200 (two hundred) is the natural number following 199 and preceding 201.

200 is an abundant number, as 265, the sum of its proper divisors, is greater than itself.

The number appears in the Padovan sequence, preceded by 86, 114, 151 (it is the sum of the first two of these).

The sum of Euler's totient function φ(x) over the first twenty-five integers is 200.

200 is the smallest base 10 unprimeable number – it cannot be turned into a prime number by changing just one of its digits to any other digit. It is also a Harshad number.

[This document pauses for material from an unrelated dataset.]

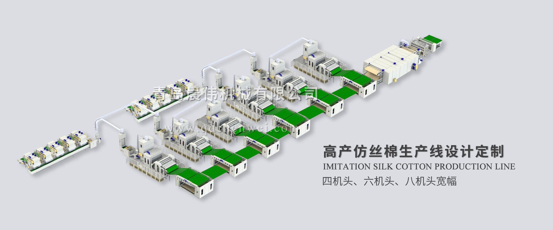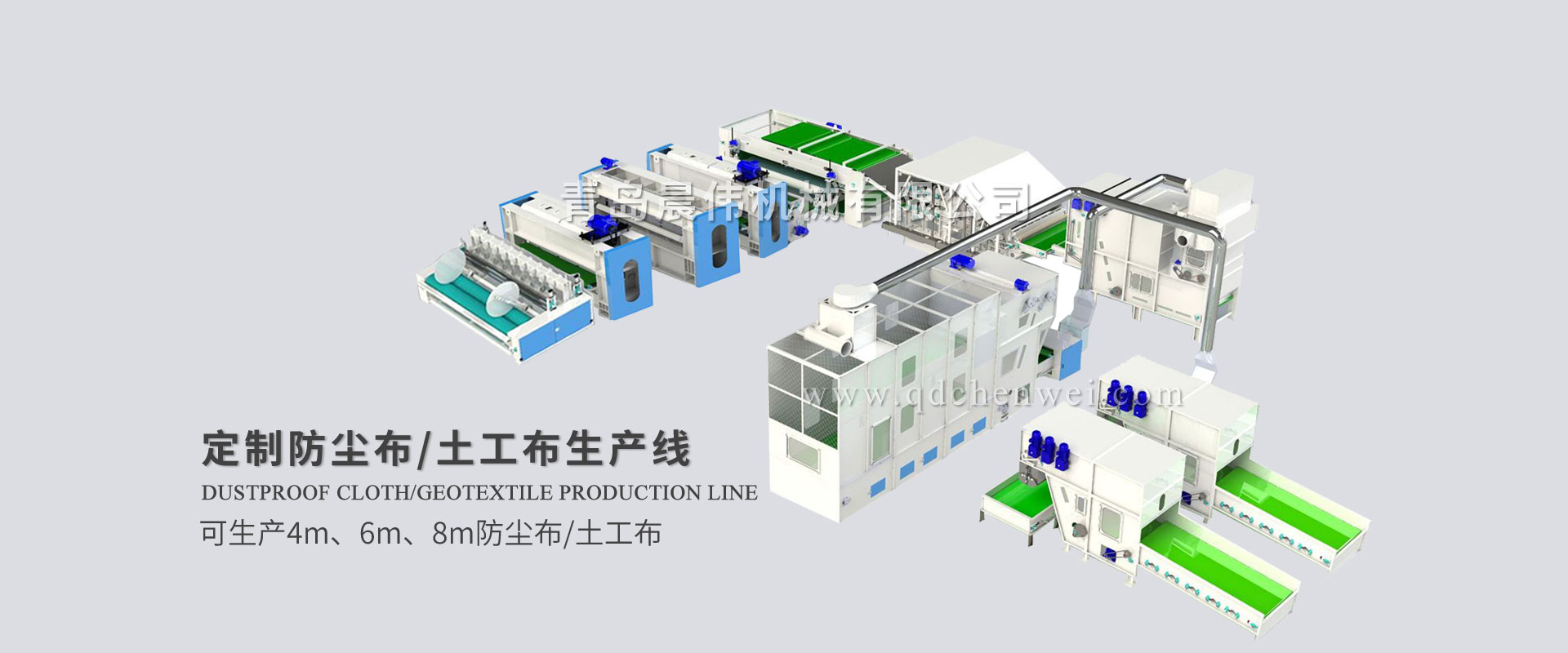 青島晨偉機(jī)械有限公司 專業(yè)設(shè)計(jì)定制各類無(wú)紡布單機(jī)設(shè)備及生產(chǎn)線。 我公司主要產(chǎn)品:電子秤重開包機(jī)、開松機(jī)、給棉機(jī)、氣壓棉箱、(高速)單錫林雙道夫梳理機(jī)、(高速)雙錫林雙道夫梳理機(jī)、鋪網(wǎng)機(jī)、中速針刺機(jī)、高速針刺機(jī)、烘箱/烘房、燙光機(jī)、熱軋機(jī)、收卷切片機(jī),無(wú)紡布設(shè)備、仿絲棉設(shè)備、防塵布設(shè)備、噴膠棉設(shè)備、無(wú)膠棉設(shè)備、硬質(zhì)棉設(shè)備、土工布設(shè)備生產(chǎn)線、椰棕床墊生產(chǎn)線、大棚保溫被生產(chǎn)線、蠶絲被生產(chǎn)線、床上用品設(shè)備等各種無(wú)紡布機(jī)械設(shè)備。

200 is an Achilles number.

Two hundred is also:
 A common ISO-standard film speed for photographic films. However, 200 speed film is being phased out in consumer films in favor of faster films.
 A denomination of the euro note. The 200 euro note was designed by Robert Kalina.
 200 MeV is the temperature of quark–gluon plasma phase transition.
 An HTTP status code indicating a successful connection; the code is "200 OK".
 The sum of pounds (or dollars) given in the classical Monopoly game to a player passing Go.
 A cholesterol level of 200 and below is considered "desirable level corresponding to lower risk for heart disease".
 The  exact number of NASCAR Cup Series races won by Richard Petty.
 An early AD year.
 "200" is the title of an episode of South Park, which is infamous for its portrayal of Muhammed leading to the creators of the show receiving death threats from terrorists.
 A vehicle that has reached 200 mph.
 The North West 200, a motorcycle race held in Northern Ireland.